Cette fois-ci, la République vacillante risque l'effondrement à cause de la conjonction d'un animal et d'un fruit brandit, haineusement, par une horde de fascistes, racistes, à la solde d’arriérés moisis, à la tête farcie d'idées nauséabondes parmi lesquelles celle d'une France éternelle n'est pas la moindre. Une gamine, d'une dizaine d'années, était leur truchement, le démon de trop, celle par qui le mal est venu.

L'insulte dirigée contre un ministre d’État, insulta le gouvernement entier, l’État tout entier, le pays dans sa totalité et chacun des individus qui le compose. Ce fut l'insulte tsunami celle qui commence au loin petitement et qui enfle, enfle, jusqu'à tout balayer sur son passage. L'insultée, tout d'abord, impassible, sembla n'avoir pas perçu la pique. Quelques jours plus tard, se ravisant, sans doute mortifiée - elle est Garde des Sceaux tout de même ! et bienfaitrice de l'humanité ! - que personne, spontanément, n'ait relevé l'injure, actionna la pompe à pleurnicheries culpabilisantes. Les "hautes et belles" voix, à l'instar de la sienne, s'élevèrent depuis dans un crescendo amphigourique et ridicule. Le récent prix Renaudot *, tout vernis de sa nouvelle légitimité donna le la à cette chorale nationale des gens biens.

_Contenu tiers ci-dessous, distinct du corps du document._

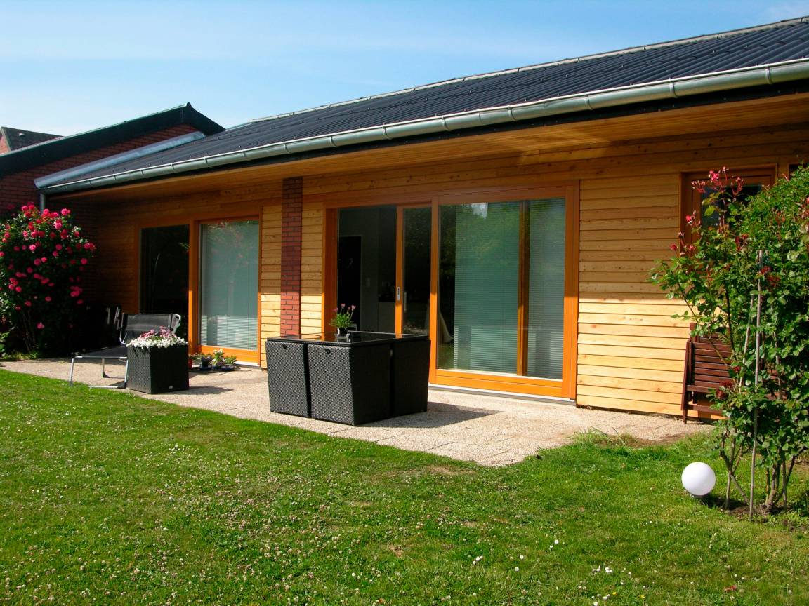 Der lichtdurchflutete Bungalow XL hat 3 Schlafzimmer (2x Doppelbett, 1x Etagenbett) 2 Bäder und bietet 6 Personen Platz. Die Räume sind modern und sehr gemütlich. Sie haben eine grosse Südterrasse, Garten und Parkplatz. 400m zum Strand 800m zur City.

Léonarda était loin, les putes et leurs clients aussi, voici que venait, encore une fois, l'heure de lever le poing, le stylo, ou je ne sais quoi d'autre, pour défendre la France - mais quelle France ? - sur laquelle s'abattait la haine raciste. Déjà, le ciel se couvrait de nuages sombres et les lendemains roses pour tous semblaient, désormais, fortement compromis, comme déjà, ils avaient parus s'éloigner lors de l'affaire Méric. 

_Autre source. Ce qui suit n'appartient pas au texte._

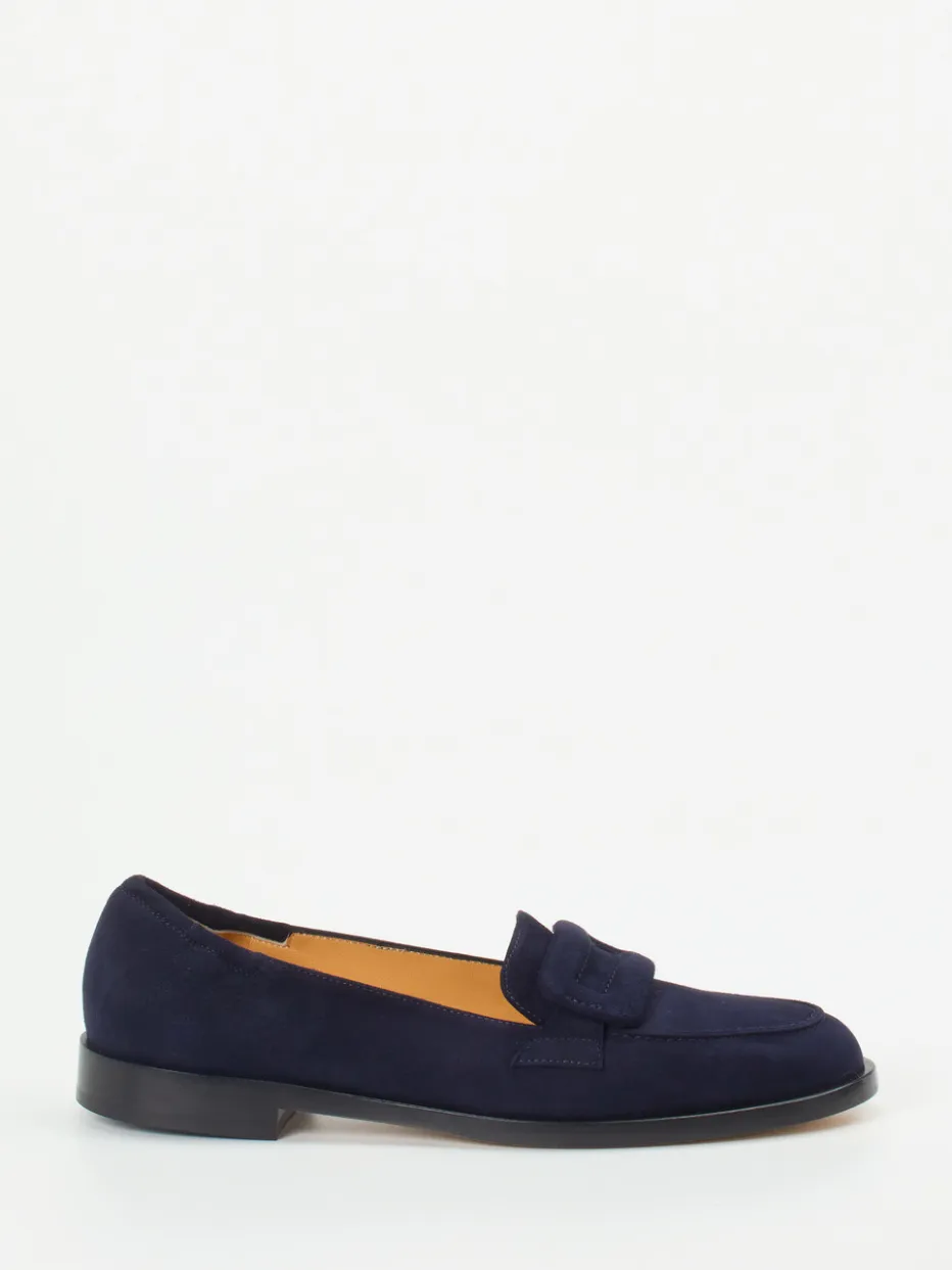 Ob im Office oder beim Stadtbummel – das samtig-matte Veloursleder in Marineblau verbindet hochwertigen Look mit dezenter Aussagekraft. Ein tonaler Zierschlaufenakzent und die markante Mokassinnaht unterstreichen den zeitlosen Charakter. Die flache Silhouette und das cognacfarbene Innenfutter aus Lammnappa schaffen Komfort und Raffinesse. Die halb gummierte Ledersohle sorgt für sicheren Stand und urbanen Stil. Ideal für schlichte Kombinationen mit Blazer oder Culotte.

C'est une petite fille qui serait à l'origine de tout ce saint tremblement. Une gamine insolente, peut-être, met donc toute la République en demeure de se mobiliser pour que le racisme ne passe pas. Une enfant, autrement dit, quelqu'un qui n'a pas la parole, qui ne parle pas. Pourtant, l'époque les fait beaucoup parler, cette époque dite de l'enfant-roi.

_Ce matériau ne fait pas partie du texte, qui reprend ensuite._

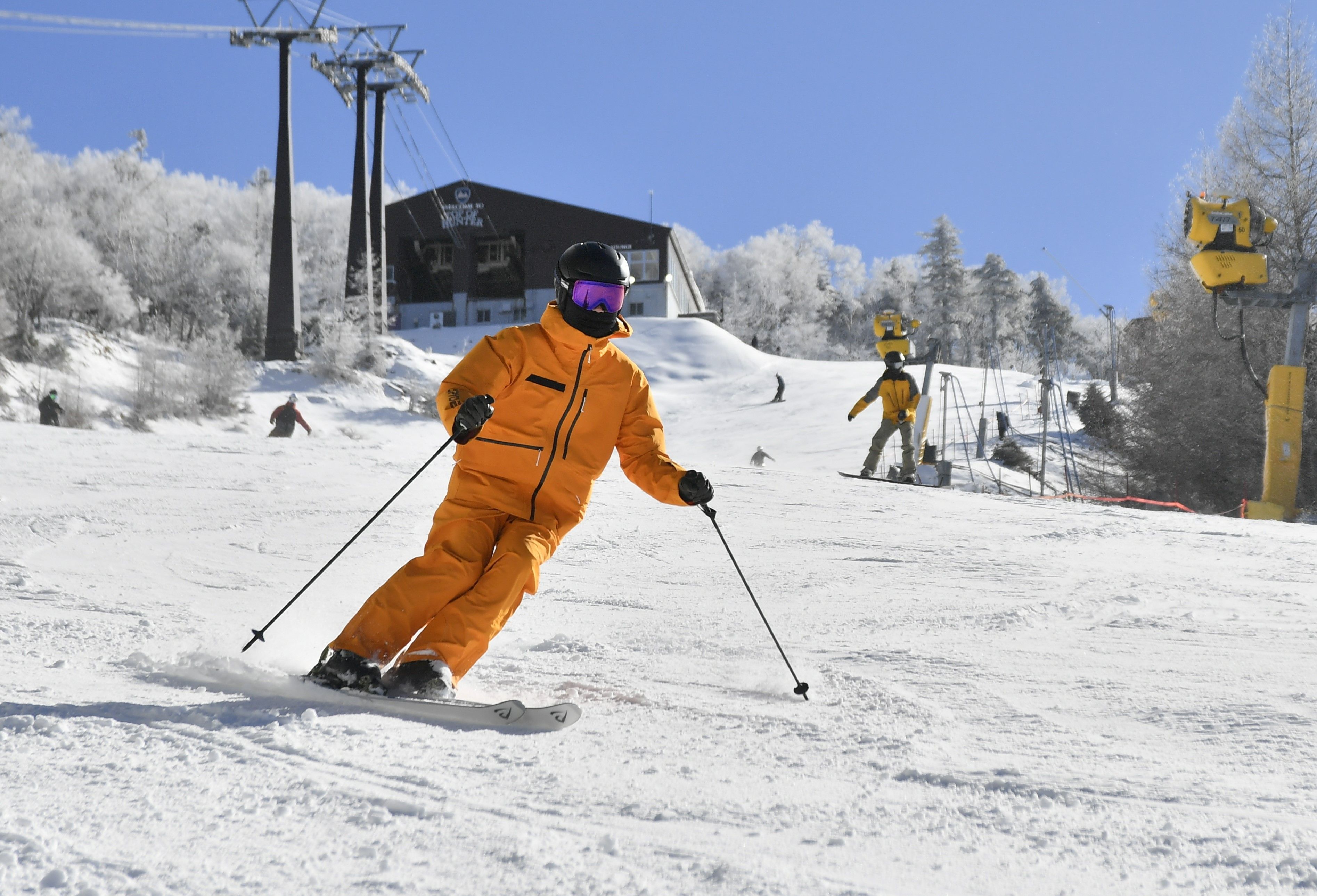 この日は青空が広がる絶好の陽気の中、スキーヤーらが白銀のゲレンデにシュプールを描いた。

Cette association d'idées, nous conduit à relire l'histoire à la lumière du conte d’Andersen, Les Habits neufs de l'Empereur. L'Empereur en question est vaniteux. Un jour, des tailleurs escrocs proposent de lui fabriquer un nouvel habit qu'aucun autre monarque ne possèderait, un habit magnifique et unique. L'Empereur accepte avec gourmandise. Un jour, il vient voir l'avancement des travaux, mais il a beau ouvrir les yeux il ne voit rien, et ce même si les tailleurs semblent couper, coudre, assembler des pièces de tissu. Les escrocs assurent le monarque que tout cela est normal : l'étoffe, les fils, sont si fins, qu'ils sont tout simplement invisibles. Le jour arrive enfin où l'Empereur va pouvoir montrer son habit neuf à ses sujets lors d'un défilé. On le vêt de son habit magnifiquement imaginaire, et le voilà, nu comme un vers, qui se pavane dans les rues de sa capitale. L'Empereur n'ayant pas voulu passer pour un imbécile entra spontanément dans le jeu des tailleurs manipulateurs. Toute le monde acclame le souverain, tout le monde s'extasie devant son nouveau vêtement, jusqu'à ce qu'un enfant - une gamine de dix ans ?- prenne la parole et déclare : l'Empereur est nu ! "Et leurs yeux s'ouvrirent et ils virent" qu'il était nu.




Et bien, mutadis mutandis, nous sommes un peu dans le même cas de figure. L'Empereur Hollande est le souverain nu entré spontanément dans le jeu des tailleurs de vêtements neufs : le changement, c'est maintenant. Le tailleur en chef en même temps que le vêtement, c'est Taubira. Taubira ovationnée, Taubira louée, Taubira mise sur le piédestal de l'humanité rédempte, Taubira inondée de roses, Taubira l'étoile du matin de ce gouvernement, Taubira le cœur-sur-la-main et la main-sur-le-cœur. Mais un enfant a ôté violemment le voile : le roi est apparu, l'espace d'un instant, tout nu. Aussi, cette enfant s'est rendue coupable non pas d'un crime raciste, mais d'un crime de lèse-majesté. Et l’humiliation, le crime est d'autant plus grand, que la bouche qui en est à l'origine est celle d'un enfant justement : la vérité sort de la bouche des enfants, paraît-il. La vérité n'est pas que le ministre de la Justice est ou non un singe - "guenon", je ne sais pourquoi, est pire que "singe" - mais que Taubira est inattaquable non pas tant parce qu'elle serait "noire", mais parce qu'elle est la seule chose qui couvre la nudité abyssale de ce gouvernement. Elle est à l'origine de l'unique chose dont il peut se prévaloir à savoir la loi sur le mariage-pour-tous. Le sortie de la petite fille sonnait la fin de la fête, mettait en danger l'image de Madone au cœur d'or du Garde des Sceaux.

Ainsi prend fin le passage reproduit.